Concerns over the state of Canada’s economy have been growing since the pandemic erupted. In late June, the ratings agency Fitch downgraded Canada’s credit rating from AAA, the highest investment rating, to AA+. It cited the pause of several provinces in implementing their debt reduction plans as something that could impede efforts to stimulate growth moving forward.

Voices in the corporate-controlled media have begun demanding that governments do more to reduce their deficits and overall debt burden. Michael Wernick, a former clerk of the Privy Council, who resigned due to the SNC-Lavalin corruption scandal last year, argued that a debt of $1 trillion or more would compel Ottawa to slash federal government employment and services and that this correction must come in a year or two. He argued that the experience of working from home during the lockdown should provide ministers with information on where to reduce staff and spending.

The former parliamentary budget officer Kevin Page argued in an interview that austerity would be the inevitable result of the pandemic. He predicted the government would have to increase taxation and cut back programs. The Financial Post, meanwhile, wrote that the government must put in place debt ceilings and that, to cover repayments, they must not only privatize state assets but do so at bargain rates. It argued that tax increases should come in the shape of regressive consumption taxes and used the opportunity to call for further reductions to Canada’s already low corporate tax rates.

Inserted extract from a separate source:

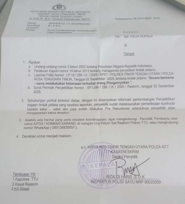 Polres TTU telah mengeluarkan Surat Pemberitahuan Perkembangan Hasil Penyelidikan (SP2HP) kepada pihak terkait, menandakan bahwa kasus ini terus diproses. Selain itu, pihak kepolisian juga telah melakukan pemeriksaan terhadap sejumlah saksi yang diduga mengetahui kejadian tersebut.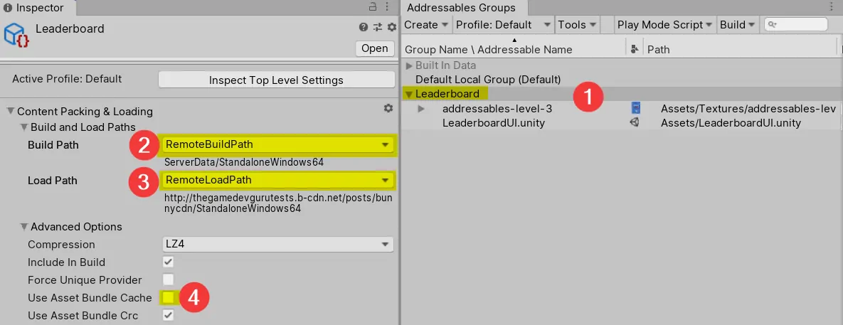 Back to the Addressables Groups, make sure the current profile is set to the profile we just modified.

Former Conservative Prime Minister Stephen Harper has also joined in, calling for severe austerity in a May column in the Wall Street Journal. Harper, who was prime minister during the 2008-09 global financial crisis, made clear he would have made similar demands even if the pandemic had not erupted. Looking back at the 2008-09 crisis, he noted that “this time will probably be much worse … Unless we experience a period of astronomical global growth, simple arithmetic dictates that many governments, both national and subnational, will experience debt crises or at least severe pressures, in the years to come. If they fail to practice mild austerity proactively, a brutal kind will be thrust on them.”

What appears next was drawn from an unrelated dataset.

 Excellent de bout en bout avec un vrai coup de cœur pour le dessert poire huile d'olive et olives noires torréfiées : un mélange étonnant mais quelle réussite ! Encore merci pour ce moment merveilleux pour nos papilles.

Many commentaries have drawn comparisons to the 1990s when Liberal Prime Minister Jean Chretien and his finance minister, the future Prime Minister Paul Martin, instituted massive social spending cuts and privatizations, and have pointed to these measures as the way forward. Wernick recalled that the government in the mid-90s slashed “45,000 public service jobs, eliminated 73 federal agencies, reduced foreign aid by 21 percent, and privatized Canadian National Railways.” He predicted that a similar future is now in store for Canadian workers.

Andrew Scheer, the current Conservative Party leader, crudely illustrated the basic interests animating this class-war policy, noting that “coming out of the pandemic, every single country on the planet will be desperately competing for the same opportunities and the same investments, so where is the prime minister’s plan to set us apart?”

As the official opposition Conservatives choose a successor to Scheer next weekend, they are making clear that vicious cost-cutting will be on the order of the day, should they come to power. “Many on the left are going to try to use the pandemic as a justification for a return to the failed policies of the past,” declared Scheer in a Wednesday interview with the Canadian press. To oppose this, he continued, his successor would need to let “people and markets take the lead” by cutting back on government, i.e., by gutting what remains of the public services and social protections the working class won as the result of the mass struggles of the last century.